[Dataset records]
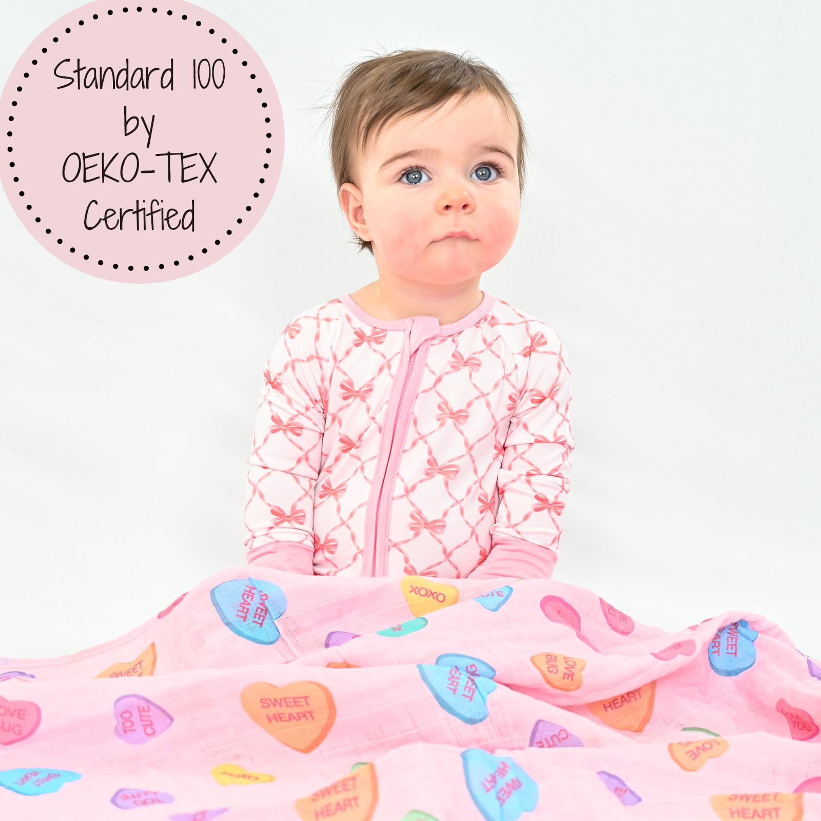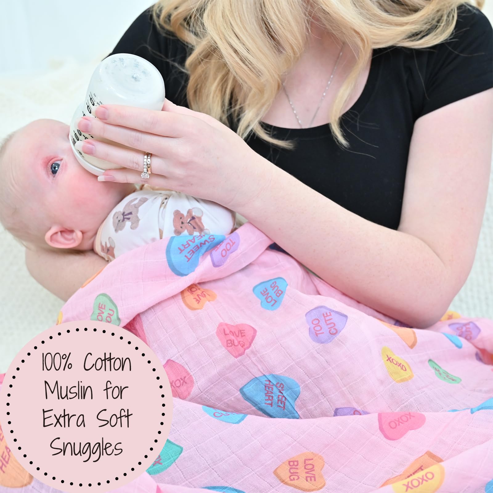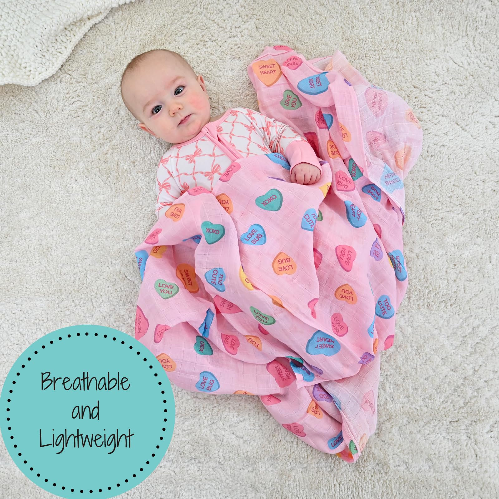 SWEETHEART LETTERS - Wrap your baby in a muslin swaddle blanket covered with heart-shaped letters, making every snuggle feel like a hug. Lightweight and breathable, it’s perfect for sharing love with a new little one.
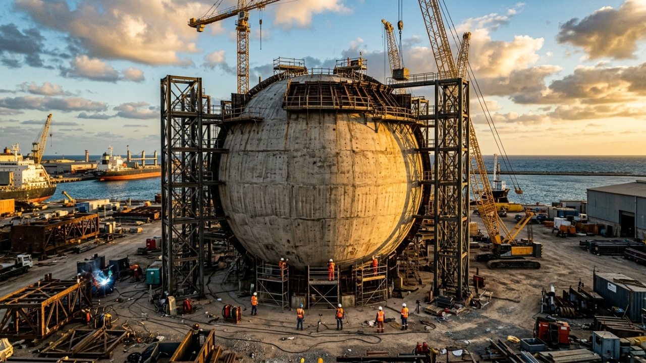 O salto entre o protótipo atual e a versão comercial deixa clara a escala da ambição do projeto. O protótipo, desenvolvido com a empresa americana Sperra por impressão 3D em concreto, tem 10 metros de diâmetro e será instalado na costa da Califórnia com 0,4 MWh de capacidade. A versão comercial prevista é de outro patamar:
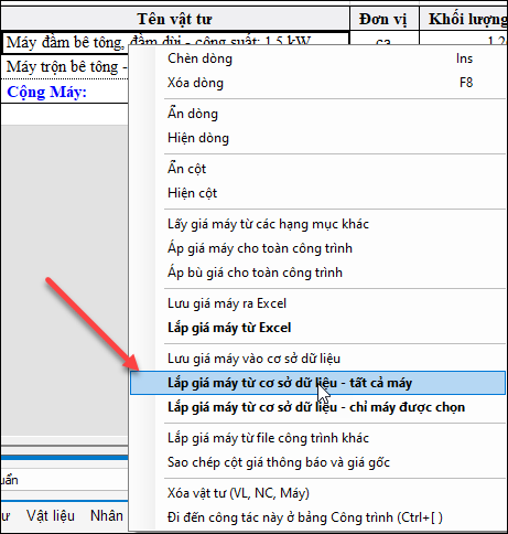 2. Tại sheet Máy thi công: nhấp chuột phải vào trong lòng bảng/Lắp giá máy từ cơ sở dữ liệu – tất cả máy
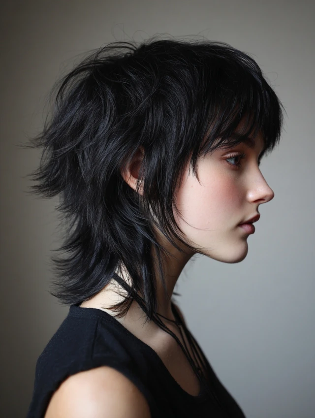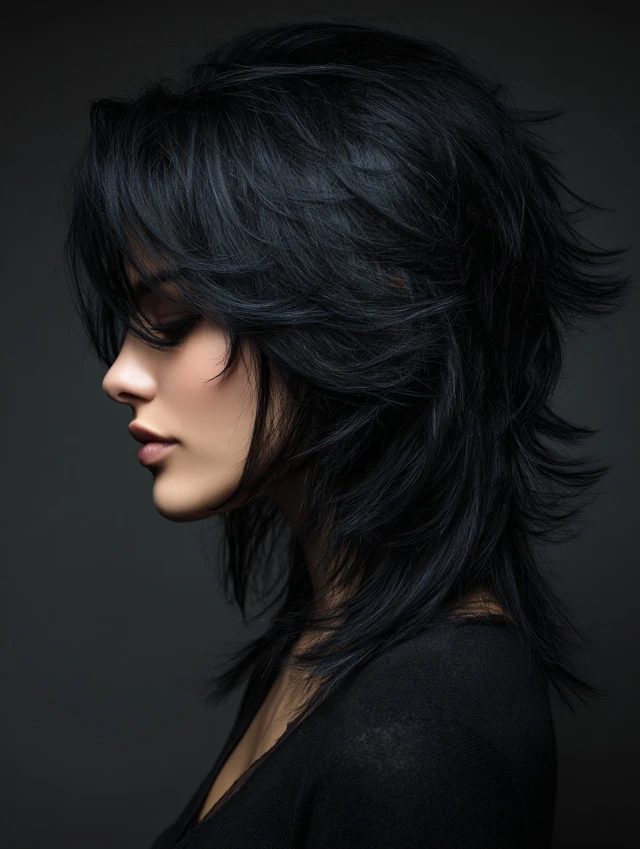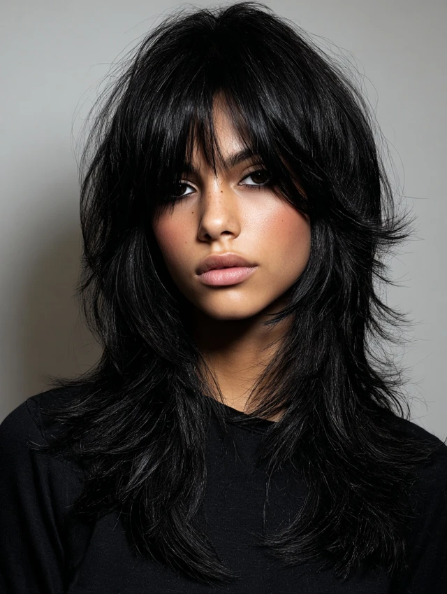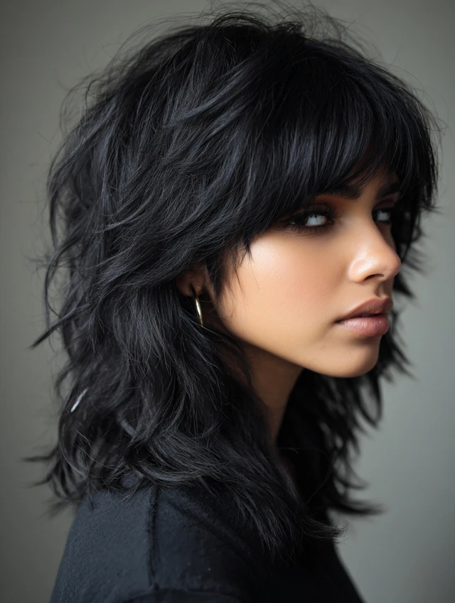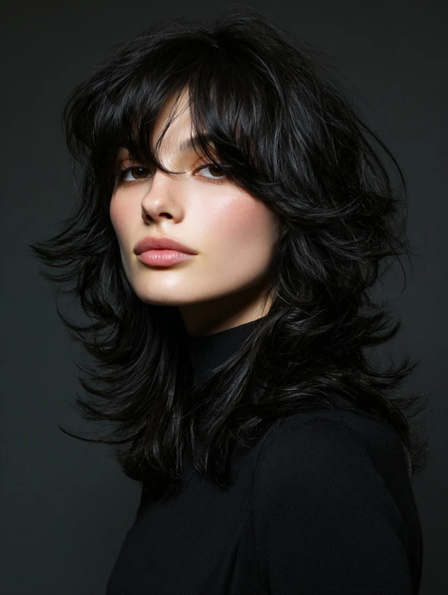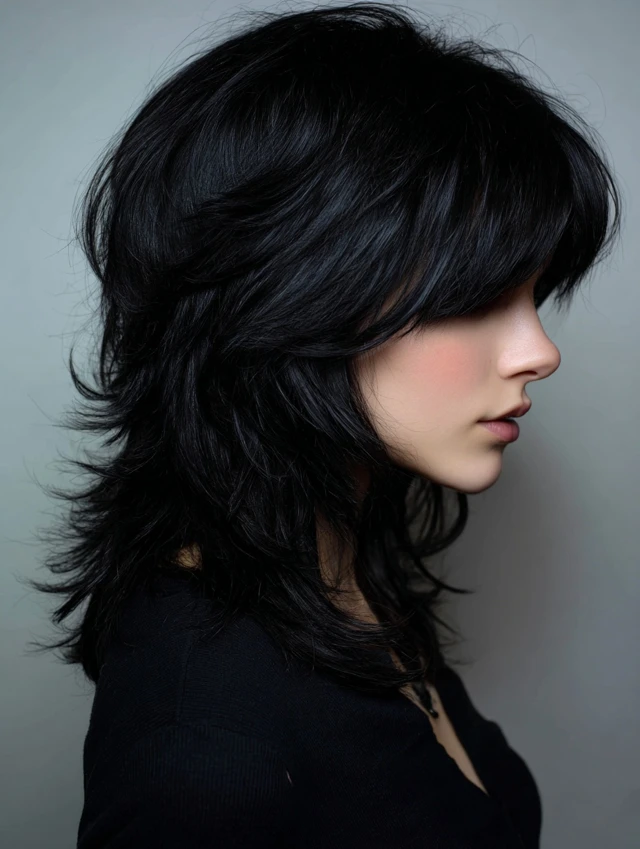 The black wolf cut is a bold, edgy hairstyle defined by choppy layers, lifted crown, and feathered ends. Its dark color enhances depth and contrast, making every layer more pronounced. This cut works for straight, wavy, or slightly curly hair and suits most face shapes. Styled tousled, messy, or sleek, the black wolf cut exudes modernity, drama, and effortless edge, making it perfect for women who want a statement-making haircut with low-maintenance styling.
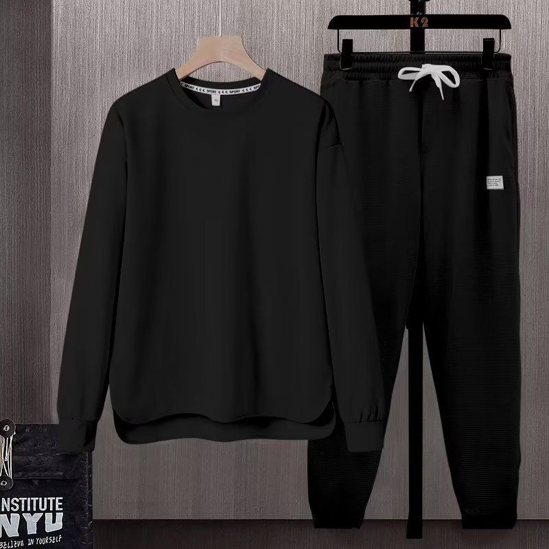 Long Sleeve Trousers Suit Men's Autumn Loose And Simple Black XL
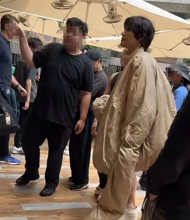 目击者拍摄的画面堪称魔幻现实主义教科书:卡其色棉袄像条巨型蚕蛹裹住全身,拖地衣袖在瓷砖上摩擦出刺啦声响,凌乱长发间透出犀利眼神——这哪里是国际机场,分明是《东邪西毒》片场穿越来的丐帮九袋长老。
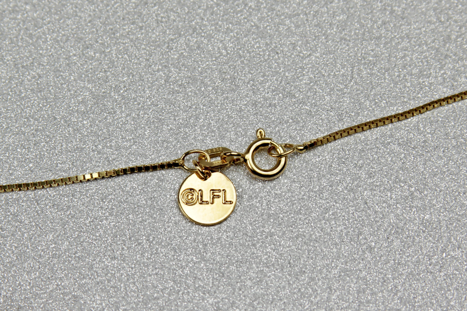 The chain closes with a standard circular jewelry clasp, which is nice and secure. The necklace also has a small gold-plated disc pendant near the clasp, with the standard ‘©LFL’ mark on one side, as this is licensed jewelry item.
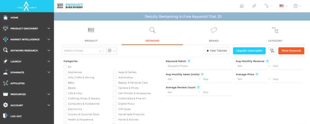 Viral Launch直接从亚马逊提供关键词研究结果,该平台包括一个高级关联特性,允许研究关键字的运营人员进一步缩小研究结果,并仅返回最相关的数据,为运营搜索词使用大规模的算法支持。
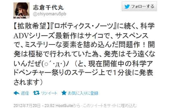 2012年7月21日、東京・秋葉原のベルサール秋葉原にて開催されたイベント“科学アドベンチャー祭り 2012SUMMER”。同イベント内“科学アドベンチャーシリーズトークイベント”で、『カオスヘッド』、『シュタインズ・ゲート』、『ロボティクス・ノーツ』に続く、“科学アドベンチャー”シリーズの新作が制作されることが発表された。会場では、渋谷の街並みを描いたビジュアルが1点公開されただけにとどまった
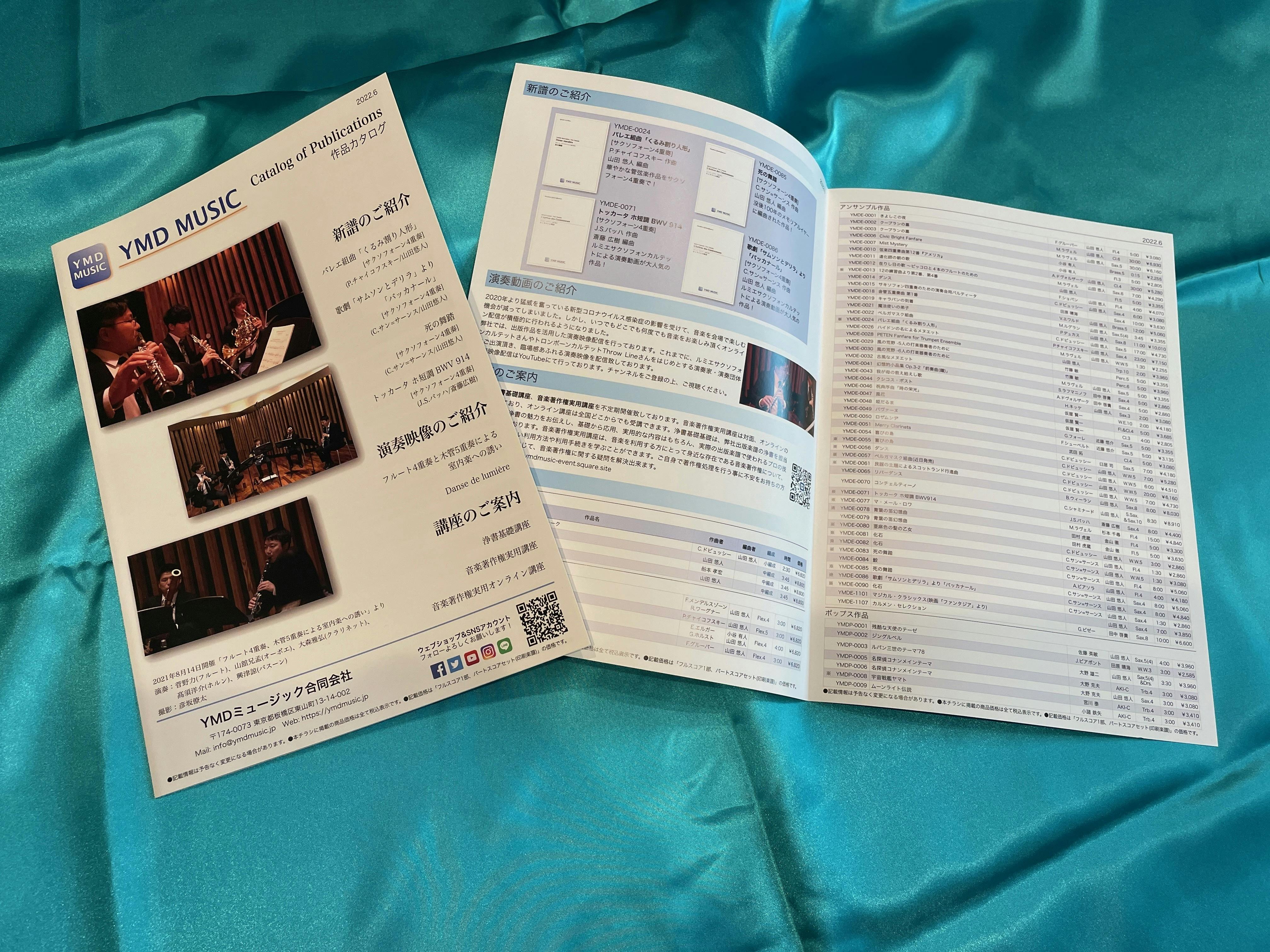 YMDミュージックが不定期で発行する出版作品カタログ(楽譜カタログ)の広告枠を提供致します。2022年12月に発行し、発行部数は3000部の予定です。サイズは1/8ページ(横長)、1/4ページ(横長)の2種類です。
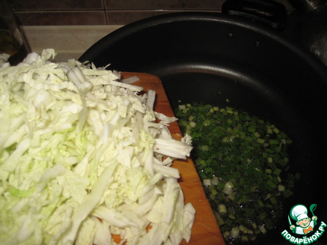 Часть лучка бросить на горячую сковородку, где уже нагрелось растительное масло. Через пару минут к нему добавляем капусту, морковь. Еще через 2-3 минуты - оставшийся лук.
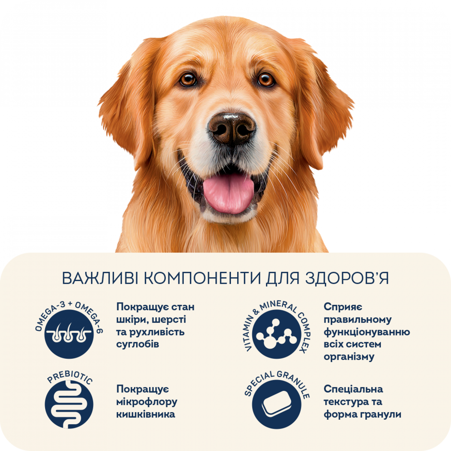 Повнораціонний безглютеновий сухий корм з лососем та індичкою для підтримання здоров'я шкіри та краси шерсті у дорослих собак великих порід. Є збалансованим харчуванням, яке необхідне улюбленцеві для відмінного здоров'я при особливих потребах його організму.

What is expected: Please copy every record above exactly, but leave the pictures out.

Exercise answer:
 SWEETHEART LETTERS - Wrap your baby in a muslin swaddle blanket covered with heart-shaped letters, making every snuggle feel like a hug. Lightweight and breathable, it’s perfect for sharing love with a new little one.
 O salto entre o protótipo atual e a versão comercial deixa clara a escala da ambição do projeto. O protótipo, desenvolvido com a empresa americana Sperra por impressão 3D em concreto, tem 10 metros de diâmetro e será instalado na costa da Califórnia com 0,4 MWh de capacidade. A versão comercial prevista é de outro patamar:
 2. Tại sheet Máy thi công: nhấp chuột phải vào trong lòng bảng/Lắp giá máy từ cơ sở dữ liệu – tất cả máy
 The black wolf cut is a bold, edgy hairstyle defined by choppy layers, lifted crown, and feathered ends. Its dark color enhances depth and contrast, making every layer more pronounced. This cut works for straight, wavy, or slightly curly hair and suits most face shapes. Styled tousled, messy, or sleek, the black wolf cut exudes modernity, drama, and effortless edge, making it perfect for women who want a statement-making haircut with low-maintenance styling.
 Long Sleeve Trousers Suit Men's Autumn Loose And Simple Black XL
 目击者拍摄的画面堪称魔幻现实主义教科书:卡其色棉袄像条巨型蚕蛹裹住全身,拖地衣袖在瓷砖上摩擦出刺啦声响,凌乱长发间透出犀利眼神——这哪里是国际机场,分明是《东邪西毒》片场穿越来的丐帮九袋长老。
 The chain closes with a standard circular jewelry clasp, which is nice and secure. The necklace also has a small gold-plated disc pendant near the clasp, with the standard ‘©LFL’ mark on one side, as this is licensed jewelry item.
 Viral Launch直接从亚马逊提供关键词研究结果,该平台包括一个高级关联特性,允许研究关键字的运营人员进一步缩小研究结果,并仅返回最相关的数据,为运营搜索词使用大规模的算法支持。
 2012年7月21日、東京・秋葉原のベルサール秋葉原にて開催されたイベント“科学アドベンチャー祭り 2012SUMMER”。同イベント内“科学アドベンチャーシリーズトークイベント”で、『カオスヘッド』、『シュタインズ・ゲート』、『ロボティクス・ノーツ』に続く、“科学アドベンチャー”シリーズの新作が制作されることが発表された。会場では、渋谷の街並みを描いたビジュアルが1点公開されただけにとどまった
 YMDミュージックが不定期で発行する出版作品カタログ(楽譜カタログ)の広告枠を提供致します。2022年12月に発行し、発行部数は3000部の予定です。サイズは1/8ページ(横長)、1/4ページ(横長)の2種類です。
 Часть лучка бросить на горячую сковородку, где уже нагрелось растительное масло. Через пару минут к нему добавляем капусту, морковь. Еще через 2-3 минуты - оставшийся лук.
 Повнораціонний безглютеновий сухий корм з лососем та індичкою для підтримання здоров'я шкіри та краси шерсті у дорослих собак великих порід. Є збалансованим харчуванням, яке необхідне улюбленцеві для відмінного здоров'я при особливих потребах його організму.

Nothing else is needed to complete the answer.